Litigation boutique Stewarts Law is set to launch a US practice, with offices in New York and Delaware.


John Cahill
John Cahill

The firm, which is projecting turnover of £32m for the 2011-12 financial year, isto open offices in New York and Wilmington, Delaware, on next month (1 May), following the hires of securities litigators David Straite and Ralph Sianni, who will lead the US practice.

Both Straite and Sianni – who were formerly at Grant & Eisenhofer – will join Stewarts as US partners and executive committee members of the US LLP.

The two offices will initially focus on securities litigation, antitrust and commercial litigation, though the firm intends to add other practices later on.

In a statement, Stewart’s managing partner – and chairman of the US executive committee – John Cahill, said: “The opening of a US practice is an important strategic step for us.

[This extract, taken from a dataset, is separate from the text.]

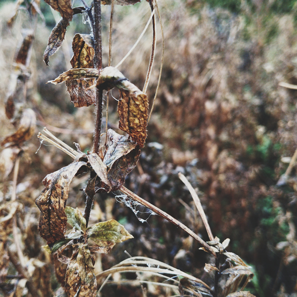 Dewdrops cling to every surface, tiny mirrored pearls catching what little light there is. The once-vibrant greens of summer have faded to deep browns and muted golds.

Expansion to the US will increase our global reach and international litigation capability.

“Our US practice will bridge a cultural gap for UK and European clients litigating in the US. We will continue to work closely with those US firms who have a proven track record in our chosen specialisations. We plan to remain litigation-only, highly specialist, and conflict free.”

Straite added: “Stewarts Law is an excellent fit and will enable Ralph and I to deliver outstanding litigation capability in the US for both UK and European institutional investor and corporate clients, we will provide a new voice for UK and European clients in the US litigation process.”

Stewarts already has a consulting office in New York – in addition to offices in London and Leeds – which it will move out of when it opens its new office in the City.

In July last year it was revealed that the firm’s equity partners had been asked to each pump in £50,000  to fund the firm’s rapid and continuing expansion. The cash injection meant the firm was able to merge with rival litigation boutique Masseys in July 2010 (18 July 2011).